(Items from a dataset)
== == ==

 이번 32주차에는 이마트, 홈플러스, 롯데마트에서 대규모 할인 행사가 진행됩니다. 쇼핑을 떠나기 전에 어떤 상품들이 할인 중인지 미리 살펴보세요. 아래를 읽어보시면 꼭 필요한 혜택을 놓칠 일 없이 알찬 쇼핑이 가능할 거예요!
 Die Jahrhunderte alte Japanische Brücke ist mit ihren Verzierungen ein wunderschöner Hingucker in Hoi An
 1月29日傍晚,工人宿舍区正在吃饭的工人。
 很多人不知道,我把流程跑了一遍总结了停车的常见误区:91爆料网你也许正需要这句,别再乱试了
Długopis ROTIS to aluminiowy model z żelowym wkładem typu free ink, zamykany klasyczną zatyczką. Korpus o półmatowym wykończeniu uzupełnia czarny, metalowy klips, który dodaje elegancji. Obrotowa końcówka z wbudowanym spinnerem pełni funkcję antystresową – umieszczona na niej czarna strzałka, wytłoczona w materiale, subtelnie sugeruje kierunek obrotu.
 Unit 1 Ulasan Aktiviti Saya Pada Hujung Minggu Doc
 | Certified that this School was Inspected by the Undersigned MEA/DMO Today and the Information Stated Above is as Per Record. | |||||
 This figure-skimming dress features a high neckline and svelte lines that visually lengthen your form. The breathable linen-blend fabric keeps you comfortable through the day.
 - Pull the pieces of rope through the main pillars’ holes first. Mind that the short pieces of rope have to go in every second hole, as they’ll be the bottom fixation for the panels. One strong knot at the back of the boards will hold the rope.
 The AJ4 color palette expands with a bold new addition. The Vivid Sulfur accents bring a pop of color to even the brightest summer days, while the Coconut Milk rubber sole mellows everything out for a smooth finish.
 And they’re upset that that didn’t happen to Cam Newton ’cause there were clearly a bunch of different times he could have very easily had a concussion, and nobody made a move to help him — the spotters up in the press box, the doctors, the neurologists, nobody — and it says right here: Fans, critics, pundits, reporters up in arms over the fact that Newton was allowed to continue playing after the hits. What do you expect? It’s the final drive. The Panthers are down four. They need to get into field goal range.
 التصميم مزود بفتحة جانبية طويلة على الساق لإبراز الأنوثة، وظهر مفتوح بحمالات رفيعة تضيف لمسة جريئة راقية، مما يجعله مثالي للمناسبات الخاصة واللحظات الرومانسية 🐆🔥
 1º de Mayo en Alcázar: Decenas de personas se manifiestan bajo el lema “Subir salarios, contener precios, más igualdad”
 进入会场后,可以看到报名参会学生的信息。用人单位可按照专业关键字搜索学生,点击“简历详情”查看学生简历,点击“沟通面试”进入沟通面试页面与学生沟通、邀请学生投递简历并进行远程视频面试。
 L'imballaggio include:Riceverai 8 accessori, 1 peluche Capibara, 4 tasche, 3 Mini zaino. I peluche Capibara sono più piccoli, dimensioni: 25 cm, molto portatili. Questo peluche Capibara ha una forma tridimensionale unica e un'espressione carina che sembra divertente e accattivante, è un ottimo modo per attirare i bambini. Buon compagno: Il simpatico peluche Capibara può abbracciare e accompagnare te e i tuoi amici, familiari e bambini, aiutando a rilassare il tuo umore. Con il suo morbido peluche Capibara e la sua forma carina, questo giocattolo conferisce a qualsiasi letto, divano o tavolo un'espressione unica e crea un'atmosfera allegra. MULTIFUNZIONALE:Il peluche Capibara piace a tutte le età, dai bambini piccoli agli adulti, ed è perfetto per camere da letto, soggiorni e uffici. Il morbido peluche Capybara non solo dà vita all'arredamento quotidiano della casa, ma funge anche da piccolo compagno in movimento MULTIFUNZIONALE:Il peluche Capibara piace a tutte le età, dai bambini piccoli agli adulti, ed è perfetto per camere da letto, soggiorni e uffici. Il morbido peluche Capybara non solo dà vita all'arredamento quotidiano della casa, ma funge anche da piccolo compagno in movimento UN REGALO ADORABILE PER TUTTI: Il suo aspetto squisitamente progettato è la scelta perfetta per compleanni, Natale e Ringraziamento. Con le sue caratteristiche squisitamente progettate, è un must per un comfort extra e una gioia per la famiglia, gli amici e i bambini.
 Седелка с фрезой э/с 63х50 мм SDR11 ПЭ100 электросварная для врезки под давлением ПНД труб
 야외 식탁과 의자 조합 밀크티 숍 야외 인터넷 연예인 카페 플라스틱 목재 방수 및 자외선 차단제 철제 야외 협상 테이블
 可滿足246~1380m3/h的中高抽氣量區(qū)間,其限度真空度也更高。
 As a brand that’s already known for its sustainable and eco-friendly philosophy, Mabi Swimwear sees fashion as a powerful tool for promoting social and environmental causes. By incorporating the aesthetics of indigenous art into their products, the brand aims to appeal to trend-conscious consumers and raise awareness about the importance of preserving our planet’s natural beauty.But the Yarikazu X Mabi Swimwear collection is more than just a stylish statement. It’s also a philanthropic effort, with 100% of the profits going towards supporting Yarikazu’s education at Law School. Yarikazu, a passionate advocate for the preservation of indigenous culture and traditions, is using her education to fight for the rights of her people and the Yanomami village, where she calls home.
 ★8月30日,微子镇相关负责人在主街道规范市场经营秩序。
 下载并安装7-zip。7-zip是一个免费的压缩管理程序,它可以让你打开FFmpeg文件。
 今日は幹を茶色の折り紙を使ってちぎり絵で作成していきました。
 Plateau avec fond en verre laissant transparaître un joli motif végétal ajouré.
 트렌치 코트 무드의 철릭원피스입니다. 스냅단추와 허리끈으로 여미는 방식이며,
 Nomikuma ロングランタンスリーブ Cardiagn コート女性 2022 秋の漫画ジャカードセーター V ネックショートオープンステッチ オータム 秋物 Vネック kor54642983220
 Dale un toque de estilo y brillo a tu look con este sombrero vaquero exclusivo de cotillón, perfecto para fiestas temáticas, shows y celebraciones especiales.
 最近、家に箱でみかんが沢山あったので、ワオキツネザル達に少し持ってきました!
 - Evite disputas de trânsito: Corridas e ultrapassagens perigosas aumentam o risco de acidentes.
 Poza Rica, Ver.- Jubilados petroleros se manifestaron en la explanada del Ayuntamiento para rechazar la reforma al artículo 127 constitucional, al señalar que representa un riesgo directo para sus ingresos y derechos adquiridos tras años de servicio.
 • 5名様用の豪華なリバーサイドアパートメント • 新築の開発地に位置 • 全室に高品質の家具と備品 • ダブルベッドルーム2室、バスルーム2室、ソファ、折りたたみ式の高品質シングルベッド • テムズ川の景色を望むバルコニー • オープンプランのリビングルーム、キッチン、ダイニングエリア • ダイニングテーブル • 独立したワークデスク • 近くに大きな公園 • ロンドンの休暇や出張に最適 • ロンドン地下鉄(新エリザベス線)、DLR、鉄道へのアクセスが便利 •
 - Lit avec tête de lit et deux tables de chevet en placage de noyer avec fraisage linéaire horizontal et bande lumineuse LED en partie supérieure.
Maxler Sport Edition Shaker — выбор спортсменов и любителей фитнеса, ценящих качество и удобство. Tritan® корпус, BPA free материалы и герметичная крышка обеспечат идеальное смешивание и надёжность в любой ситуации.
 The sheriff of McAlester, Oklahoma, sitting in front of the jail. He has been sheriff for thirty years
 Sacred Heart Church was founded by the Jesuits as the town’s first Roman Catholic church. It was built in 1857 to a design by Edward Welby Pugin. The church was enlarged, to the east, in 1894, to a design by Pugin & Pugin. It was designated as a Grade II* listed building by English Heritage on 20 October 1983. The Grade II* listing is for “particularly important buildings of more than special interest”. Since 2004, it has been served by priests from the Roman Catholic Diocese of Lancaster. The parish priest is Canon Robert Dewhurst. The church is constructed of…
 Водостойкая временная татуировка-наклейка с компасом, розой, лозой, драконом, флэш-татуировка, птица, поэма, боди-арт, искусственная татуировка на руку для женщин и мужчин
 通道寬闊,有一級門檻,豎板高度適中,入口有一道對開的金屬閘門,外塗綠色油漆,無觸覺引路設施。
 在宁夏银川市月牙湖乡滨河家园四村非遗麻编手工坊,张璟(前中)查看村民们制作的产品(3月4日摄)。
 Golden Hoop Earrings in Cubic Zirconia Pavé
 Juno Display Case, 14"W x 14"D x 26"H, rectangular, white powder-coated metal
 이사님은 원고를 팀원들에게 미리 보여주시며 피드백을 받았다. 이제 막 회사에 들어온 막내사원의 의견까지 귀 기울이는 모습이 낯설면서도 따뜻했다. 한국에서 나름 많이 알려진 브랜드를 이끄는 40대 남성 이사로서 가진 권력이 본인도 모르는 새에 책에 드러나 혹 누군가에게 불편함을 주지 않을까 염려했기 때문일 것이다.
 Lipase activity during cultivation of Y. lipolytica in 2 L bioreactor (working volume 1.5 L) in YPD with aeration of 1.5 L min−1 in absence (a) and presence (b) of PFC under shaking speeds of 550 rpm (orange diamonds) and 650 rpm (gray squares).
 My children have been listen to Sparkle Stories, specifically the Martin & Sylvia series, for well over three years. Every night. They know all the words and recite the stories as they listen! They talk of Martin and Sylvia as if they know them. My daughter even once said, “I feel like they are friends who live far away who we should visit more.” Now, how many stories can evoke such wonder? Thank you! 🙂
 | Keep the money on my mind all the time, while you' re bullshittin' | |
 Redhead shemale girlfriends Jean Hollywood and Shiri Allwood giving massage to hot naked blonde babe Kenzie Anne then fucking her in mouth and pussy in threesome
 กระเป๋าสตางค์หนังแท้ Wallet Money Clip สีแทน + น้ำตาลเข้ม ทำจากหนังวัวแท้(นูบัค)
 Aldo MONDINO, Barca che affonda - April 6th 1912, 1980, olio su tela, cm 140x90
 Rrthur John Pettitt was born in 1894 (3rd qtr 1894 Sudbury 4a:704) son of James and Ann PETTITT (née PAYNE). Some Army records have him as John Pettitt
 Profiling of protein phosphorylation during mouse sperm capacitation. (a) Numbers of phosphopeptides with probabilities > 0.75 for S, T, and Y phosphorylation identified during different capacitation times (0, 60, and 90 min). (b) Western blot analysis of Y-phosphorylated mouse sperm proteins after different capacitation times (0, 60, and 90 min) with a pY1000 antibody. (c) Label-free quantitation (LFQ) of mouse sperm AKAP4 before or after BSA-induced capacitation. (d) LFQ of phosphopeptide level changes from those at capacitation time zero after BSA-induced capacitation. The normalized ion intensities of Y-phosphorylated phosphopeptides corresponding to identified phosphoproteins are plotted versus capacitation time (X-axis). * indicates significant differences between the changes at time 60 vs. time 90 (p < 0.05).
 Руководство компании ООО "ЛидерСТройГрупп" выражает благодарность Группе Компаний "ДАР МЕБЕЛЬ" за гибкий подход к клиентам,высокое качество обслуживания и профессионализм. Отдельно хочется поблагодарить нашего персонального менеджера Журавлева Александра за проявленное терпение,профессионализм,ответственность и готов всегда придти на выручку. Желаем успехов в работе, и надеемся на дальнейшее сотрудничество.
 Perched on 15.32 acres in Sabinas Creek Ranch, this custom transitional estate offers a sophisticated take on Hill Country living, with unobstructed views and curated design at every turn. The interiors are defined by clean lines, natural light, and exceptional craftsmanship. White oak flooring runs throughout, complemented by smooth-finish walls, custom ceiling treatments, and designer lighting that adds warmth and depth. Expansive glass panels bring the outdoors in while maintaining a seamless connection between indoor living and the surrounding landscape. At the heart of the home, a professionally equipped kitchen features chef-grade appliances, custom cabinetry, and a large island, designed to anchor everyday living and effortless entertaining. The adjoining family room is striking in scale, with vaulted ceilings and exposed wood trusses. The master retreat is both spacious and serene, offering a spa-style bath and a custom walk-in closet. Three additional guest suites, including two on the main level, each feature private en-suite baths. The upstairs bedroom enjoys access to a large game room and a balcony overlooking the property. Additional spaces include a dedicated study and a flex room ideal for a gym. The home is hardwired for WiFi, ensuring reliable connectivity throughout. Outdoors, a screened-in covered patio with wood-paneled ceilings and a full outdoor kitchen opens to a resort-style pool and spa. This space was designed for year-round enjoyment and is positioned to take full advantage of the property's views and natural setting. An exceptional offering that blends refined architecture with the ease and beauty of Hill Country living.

== == ==

> **Work task**
Exact reproduction is required. Give the lines of the data from its first line through the line containing "很多人不知道,我把流程跑了一", and no others.

> **Problem solution**
 이번 32주차에는 이마트, 홈플러스, 롯데마트에서 대규모 할인 행사가 진행됩니다. 쇼핑을 떠나기 전에 어떤 상품들이 할인 중인지 미리 살펴보세요. 아래를 읽어보시면 꼭 필요한 혜택을 놓칠 일 없이 알찬 쇼핑이 가능할 거예요!
 Die Jahrhunderte alte Japanische Brücke ist mit ihren Verzierungen ein wunderschöner Hingucker in Hoi An
 1月29日傍晚,工人宿舍区正在吃饭的工人。
 很多人不知道,我把流程跑了一遍总结了停车的常见误区:91爆料网你也许正需要这句,别再乱试了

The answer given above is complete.